Ende April wurden weit verbreitete Sicherheitsprobleme bei der Onlineanbindung von Arztpraxen an die Telematik-Infrastruktur bekannt. Die für die Einführung der neuen Systeme verantwortliche gematik GmbH wies Vorwürfe eines strukturellen Problems zurück und sprach hingegen von einzelnen Problemen beim Umgang mit der Technik vor Ort. Weitere Erkenntnisse aus der Praxis, auch aus dem Saarland, sprechen jedoch für ein weit verbreitetes Problem, das nicht nur Arztpraxen, sondern potentiell sämtliche an die Telematik-Infrastruktur für das Gesundheitswesen angebundene Praxen betrifft. Wir beantworten hier die wichtigsten Fragen für potentiell betroffene Praxisinhaberinnen und -inhaber.
Was ist passiert?
Bei der Einführung der Telematik-Infrastruktur für das Gesundheitswesen (TI) wird zwischen drei Betriebsarten der TI unterschieden. Als Standardbetrieb wird der sogenannte Reihenbetrieb festgelegt, der den meisten Praxen eine sichere Übertragung von Patientendaten ermöglichen soll. Für große medizinische Einrichtungen wurde außerdem der sogenannte Parallelbetrieb eingeführt, bei dem die Sicherheitsmaßnahmen von der praxiseigenen IT-Infrastruktur übernommen werden und die standardmäßigen Sicherheitsfunktionen der TI nicht genutzt werden. Darüber hinaus existiert das Modell der Netzwerktrennung, die einen Reihenbetrieb mit einem separaten Internetanschluss verbindet.

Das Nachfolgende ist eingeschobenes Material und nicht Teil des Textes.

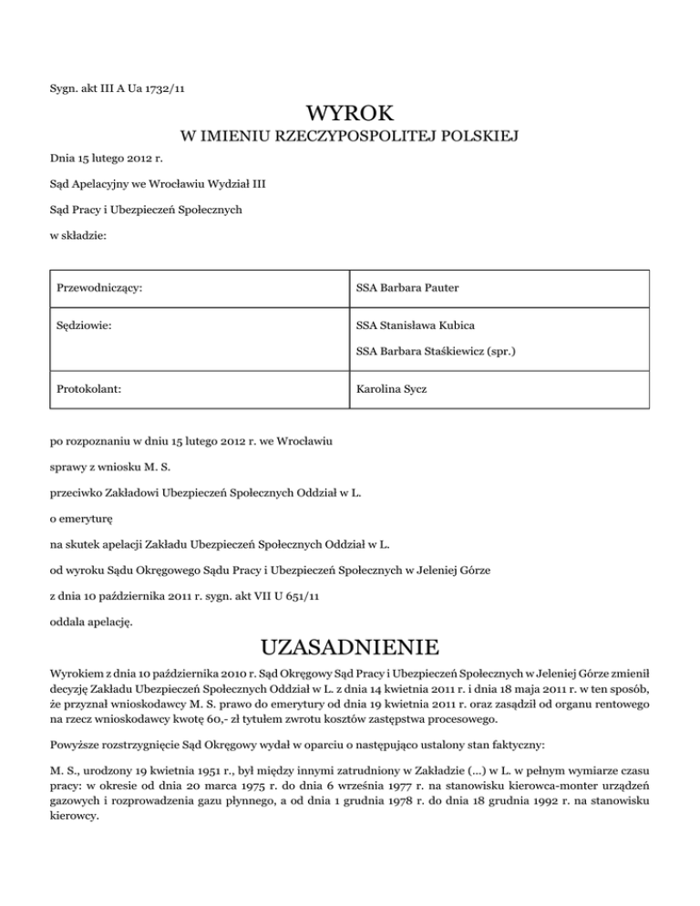 Sygn. akt III A Ua 1732/11 WYROK W IMIENIU RZECZYPOSPOLITEJ POLSKIEJ Dnia 15 lutego 2012 r. Sąd Apelacyjny we Wrocławiu Wydział III Sąd Pracy i Ubezpieczeń Społecznych w składzie: Przewodniczący: SSA Barbara Pauter Sędziowie: SSA Stanisława Kubica SSA Barbara Staśkiewicz (spr.) Protokolant: Karolina Sycz po rozpoznaniu w dniu 15 lutego 2012 r. we Wrocławiu sprawy z wniosku M. S. przeciwko Zakładowi Ubezpieczeń Społecznych Oddział w L. o emeryturę na skutek apelacji Zakładu Ubezpieczeń Społecznych Oddział w L. od wyroku Sądu Okręgowego Sądu Pracy i Ubezpieczeń Społecznych w Jeleniej Górze z dnia 10 października 2011 r. sygn. akt VII U 651/11 oddala apelację. UZASADNIENIE Wyrokiem z dnia 10 października 2010 r. Sąd Okręgowy Sąd Pracy i Ubezpieczeń Społecznych w Jeleniej Górze zmienił decyzję Zakładu Ubezpieczeń Społecznych Oddział w L. z dnia 14 kwietnia 2011 r. i dnia 18 maja 2011 r. w ten sposób, że przyznał wnioskodawcy M. S. prawo do emerytury od dnia 19 kwietnia 2011 r. oraz zasądził od organu rentowego na rzecz wnioskodawcy kwotę 60,- zł tytułem zwrotu kosztów zastępstwa procesowego. Powyższe rozstrzygnięcie Sąd Okręgowy wydał w oparciu o następująco ustalony stan faktyczny: M. S., urodzony 19 kwietnia 1951 r., był między innymi zatrudniony w Zakładzie (...) w L. w pełnym wymiarze czasu pracy: w okresie od dnia 20 marca 1975 r. do dnia 6 września 1977 r. na stanowisku kierowca-monter urządzeń gazowych i rozprowadzenia gazu płynnego, a od dnia 1 grudnia 1978 r. do dnia 18 grudnia 1992 r. na stanowisku kierowcy. W okresie zatrudnienia w w/w zakładzie pracy wnioskodawca był kierowcą specjalistycznego samochodu dostawczego marki Żuk, przystosowanego do przewozu materiałów niebezpiecznych, to jest butli z gazem propan butan. Do obowiązków wnioskodawcy należał załadunek butli z gazem na samochód, dowiezienie jej i wniesienie do klienta, a następnie zastąpienie pustej butli przez zamontowanie pełnej. Ciężar butli wynosił od 22 do 27 kg. W razie potrzeby wnioskodawca zajmował się także montażem kuchenek gazowych u klientów. Od 1987 r. wnioskodawca prowadził samochody ciężarowe o dopuszczalnym ciężarze całkowitym powyżej 3,5 tony, przeznaczone między innymi do przewozu gazu. Organ rentowy w decyzjach z dnia 14 kwietnia 2011 r. i dnia 18 maja 2011 r. nie uznał wnioskodawcy powyższego okresu zatrudnienia do okresów pracy w szczególnych warunkach i z uwagi na brak wymaganych 15 lat pracy w szczególnych warunkach odmówił mu przyznania prawa do wcześniejszej emerytury. Na podstawie powyższych ustaleń Sąd Okręgowy uznał, że odwołanie wnioskodawcy jest zasadne. Sąd Okręgowy wskazał, że akta osobowe wnioskodawcy oraz zeznania świadków wykazały, iż wnioskodawca podczas zatrudnienia w Zakładzie (...) w L. pracował stale i w pełnym wymiarze w szczególnych warunkach. W ocenie Sądu pierwszej instancji wnioskodawca początkowo wykonywał pracę określoną w wykazie A dziale IV poz. 40 stanowiącego załącznik do rozporządzenia Rady Ministrów z dnia 7 lutego 1983 r. w sprawie wieku emerytalnego pracowników zatrudnionych w szczególnych warunkach lub w szczególnym charakterze (Dz. U. Nr 8, poz. 43 ze zm.), czyli pracę załadunkową, rozładunkową i transportem materiału wybuchowego (gazu) i następnie pracował jako kierowca samochodów ciężarowych (wykazie A Dział VIII poz. 2). W tych okolicznościach Sąd pierwszej instancji uznał, że cały okres w/w zatrudnienia podlega uwzględnieniu do okresów prac w szczególnych warunkach i konsekwencji przyznał wnioskodawcy prawo do emerytury. Odnośnie początku nabycia emerytury przez wnioskodawcę Sąd Okręgowy w świetle art. 129 ustawy z dnia 17 grudnia 1998 r. o emeryturach i rentach z Funduszu Ubezpieczeń Społecznych (Dz. U. z 2009 r. Nr 153, poz. 1227) przyznał to świadczenie od dnia 19 kwietnia 1951 r., czyli od dnia ukończenia przez wnioskodawcę 60 roku życia. Orzeczenie o kosztach Sąd pierwszej instancji oparł na art. 98 kpc oraz rozporządzeniu Ministra Sprawiedliwości z dnia 28 września 2002 r. w sprawie opłat za czynności radców prawnych oraz ponoszenia przez Skarb Państwa kosztów pomocy prawnej udzielonej przez radcę prawnego ustanowionego z urzędu (Dz. U. z 2005 r. nr 11, poz. 15). Organ rentowy zaskarżył powyższy wyrok w całości, zarzucając mu naruszenie art. 184 w/w ustawy przez przyznanie wnioskodawcy prawa do emerytury, w sytuacji gdy nie wykazał on, że stale i w pełnym wymiarze wykonywał pracę w szczególnych warunkach. Nadto zarzucił dowolna ocenę dowodów przez uznanie, iż wnioskodawca, kierując samochodem dostawczym „Żuk”, wykonywał pracę kierowcy samochodu ciężarowego. Wskazując na powyższe wniósł o zmianę zaskarżonego wyroku przez oddalenie odwołania wnioskodawcy, ewentualnie o jego uchylenie i przekazanie sprawy Sądowi pierwszej instancji do ponownego rozpoznania. Sąd Apelacyjny zważył, co następuje: Apelacja organu rentowego jest bezzasadna. Zgodnie z art. 184 ust. 1 ustawy o emeryturach i rentach z Funduszu Ubezpieczeń Społecznych ubezpieczonym urodzonym po dniu 31 grudnia 1948 r. przysługuje emerytura po osiągnięciu wieku przewidzianego w art. 32, jeżeli w dniu wejścia w życie ustawy, czyli 1 stycznia 1999 r., osiągnęli: okres zatrudnienia w szczególnych warunkach wymaganym w przepisach dotychczasowych do nabycia prawa do emerytury w wieku niższym niż 65 lat - dla mężczyzn ( pkt. 1) oraz okres składkowy i nieskładkowy, o którym mowa w art. 27 ( pkt. 2). Z kolei po myśli ust. 2 tego przepisu emerytura, o której mowa w ust. 1, przysługuje pod warunkiem nieprzystąpienia do otwartego funduszu emerytalnego oraz rozwiązania stosunku pracy - w przypadku ubezpieczonego będącego pracownikiem. Z kolei po myśli art. 32 w/w ustawy w związku z § 4 rozporządzeniem Rady Ministrów z dnia 7 lutego 1983 r. w sprawie wieku emerytalne

Nun wurde bekannt, dass bei der Einrichtung der TI in vielen Praxen standardmäßig der eigentlich für große Einrichtungen gedachte Parallelbetrieb, statt des vorgesehenen Reihenbetriebs, installiert wurde.

Hinzu kommt, dass häufig bereits bestehende Sicherheitsfunktionen, wie Virenscanner und Firewall, bei der Installation durch die Techniker abgeschaltet und hinterher nicht wieder angeschaltet wurden. So wird der Computer quasi schutzlos über den Router mit dem Netz verbunden.
Warum ist das ein Problem?
Durch die massenhafte Einrichtung des Parallelbetriebs in Praxen ohne eigene IT-Sicherheitsinfrastruktur werden die von der gematik vorgesehenen Sicherheitsfunktionen der TI umgangen. Geräte mit sensiblen Daten werden somit ungeschützt ans Internet angeschlossen, bereits bestehende Sicherheitsfunktionen, wie etwa Virenscanner und Router-Firewall, sogar abgeschaltet. Die Systeme werden durch die Dienstleister unzureichend für die einzelne Praxis konfiguriert und somit Patientendaten und das gesamte IT-System der Praxis einem erhöhten Risiko ausgesetzt.